Despite global natural catastrophe insured losses in H1 2022 being higher than the average of the past 10 years, they are manageable for P&C insurers.

DBRS Morningstar stated that it considers insurers’ risk management responses to climate change, which includes annual premium re-pricing and robust reinsurance programs, to be adequate in mitigating short-term profitability implications.

However, climate model risks are significant, in part because greenhouse gas (GHG) emissions are expected to have a greater impact on the climate and because they are difficult to predict.

Accordingly, DBRS Morningstar states that the estimated H1 2022 global natural catastrophe-related insured losses, which amounted to $35 billion, are only slightly above the 10 year inflation-adjusted average for the January–June period ($29 billion) and are significantly lower than the $46 billion of the same period last year.

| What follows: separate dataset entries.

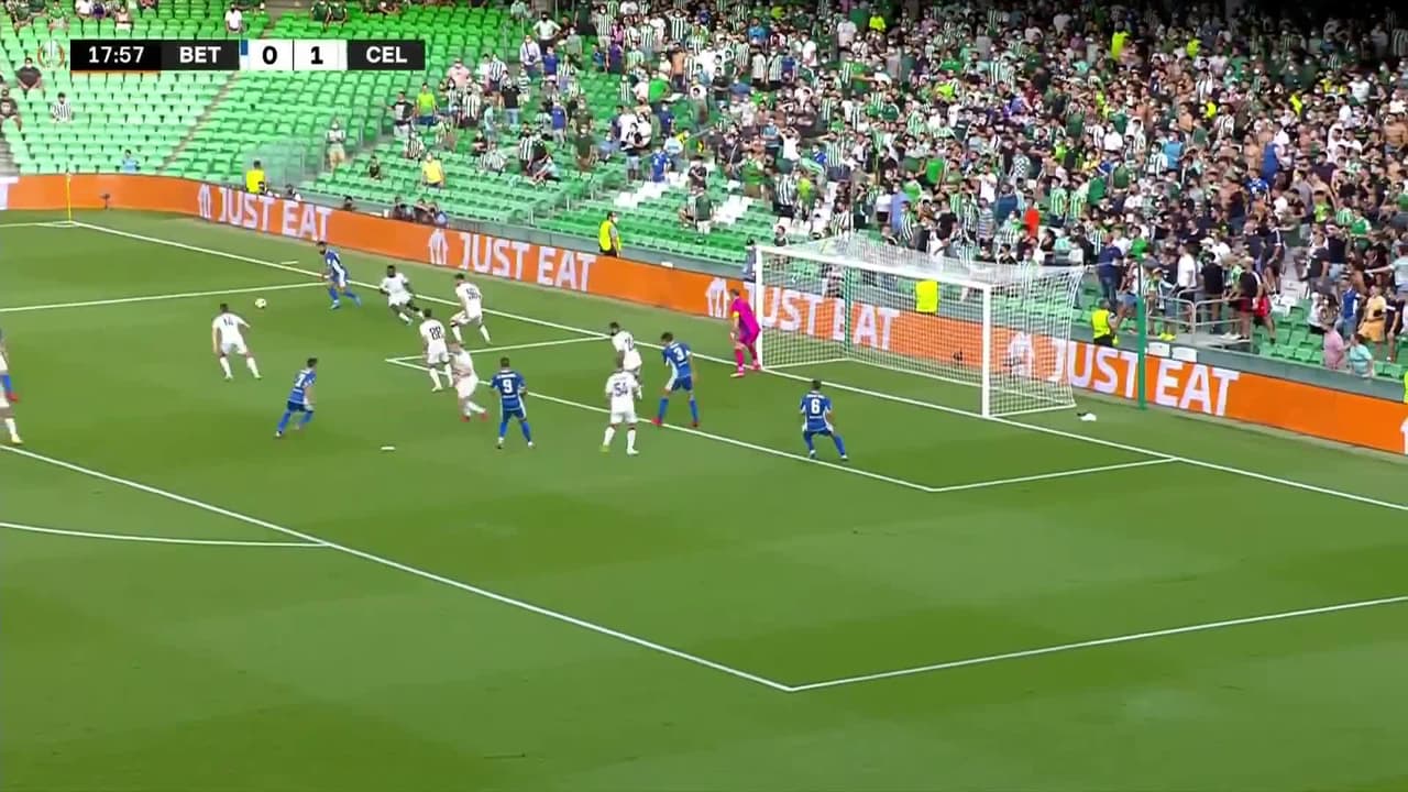 Remate parado por bajo a la izquierda. Andrés Guardado (Real Betis) remate de cabeza desde el centro del área. Asistencia de Nabil Fekir con un centro al área.
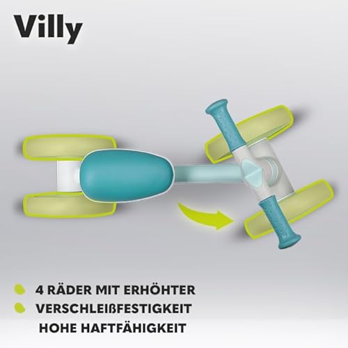 | Features | SICHERES FAHREN: dank seiner 4 Räder ist das Villy-Geländefahrrad stabil und bequem zu fahren Räder aus einer Kombination von EVA-Schaum und TPR-Kunststoff für hohe Griffigkeit und Verschleißfestigkeit. Ein 70-Grad-Drehbegrenzer verhindert Stürze, die durch zu starkes Drehen verursacht werden., FÜR ANFÄNGER: Laufrad eignet sich für Kinder ab 1 bis 3 Jahre alt bis maximales Gewicht 30 kg. Die Höhe des Sattels vom Boden beträgt 26 cm. Das Laufradfahren wirkt sich positiv auf die Entwicklung der motorischen Fähigkeiten des Kleinkindes aus, verbessert die Koordination und schult das Gleichgewicht von klein auf., KOMFORT: das ergonomische Design des Kinderlaufrad ist gut an die Körperproportionen des Kindes angepasst. weicher, bequemer Sitz mit doppelter Polsterung und Dämpfung an der Vorderseite für eine komfortable Fahrt. Rutschfeste Griffe mit einer sich zur Mitte hin verjüngenden Form verstärken den richtigen Griff und entwickeln Gewohnheiten, LEICHT: Kinderlaufrad hat eine sehr leichte Konstruktion (2,1 kg) und kann leicht mitgenommen werden. Der Zusammenbau des Laufrads ist sehr intuitiv und dauert nur wenige Augenblick Verfügbar in 3 Farben. Kinderlaufrad ist das perfekte Geschenk für jedes Kleinkind, LEICHTE REINIGUNG: wenn es beim Spielen schmutzig wird, kann das Laufrad leicht mit einem feuchten Tuch gereinigt werden |
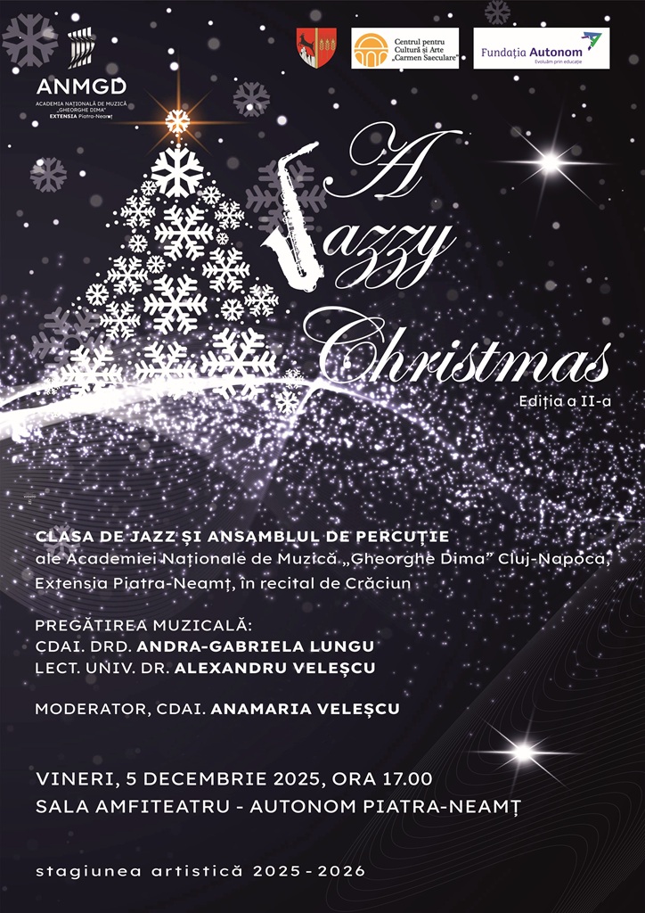 A Jazzy Christmas” este propunerea muzicală pentru vineri5 decembrie 2025 (ora 17:00), la sala amfiteatru de la Autonom, protagoniști fiind studenții Clasei de jazz și membrii Ansamblului de percuție ale Academiei Naționale de Muzică „Gheorghe Dima” Cluj-Napoca, Extensia Piatra-Neamț.
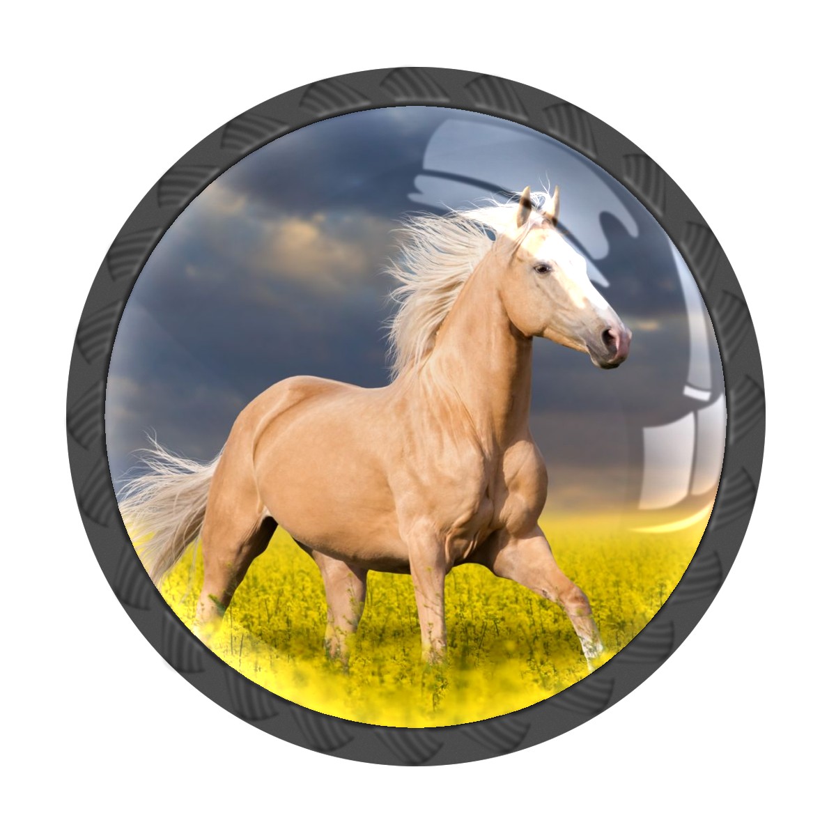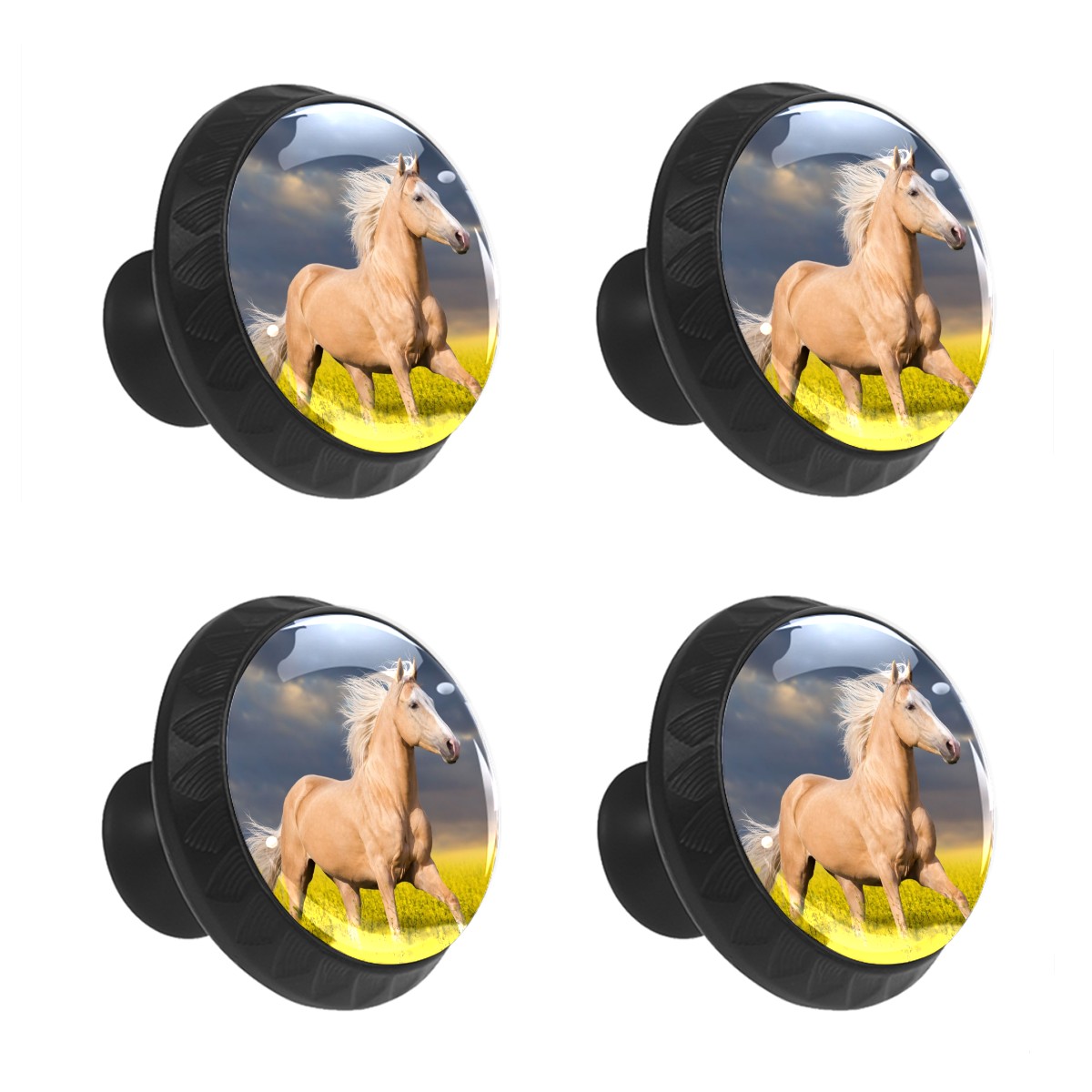 4 Pack Drawer Knobs Pulls Sky Flowers And Horse Crystal Glass Round Knobs Pulls Handles for Cabinets Dressers Kitchen Bathroom - Cupboards Wardrobes Hardware Furniture Knobs

Therefore, from both a profitability and credit risk perspective, 2022 so far has been a year that has provided solid growth in premiums, and good underwriting income and profitability.

Furthermore, DBRS Morningstar highlights that a crucial risk management tool that is contributing to the cost of property insurance is the insurer’s utilization of reinsurance programs. After years of relatively modest gains, the reinsurance price index experienced its highest increase in 16 years, rising close to 15% for H1 2022 renewals. But, while climate change is not the only factor that is driving this trend, it is playing a contributing role.

Therefore, DBRS Morningstar expects continuing global reinsurance price increases at this higher scale, in part to compensate for prior years more subdued reinsurance price hikes. These increased reinsurance costs would likely be fed into higher property premium increases in the future, barring a substantial moderation or decrease in the climate change risk.

At the same time, climate adaptation measures, which includes investments in climate-resilient infrastructure such as by building structures that are better able to withstand higher intensity and volume of rainfall, for example, could mitigate climate change risks. But, DBRS Morningstar states that in the absence of such investments by public and private stakeholders, they expect to see premium rate increases above the rate of inflation for the foreseeable future.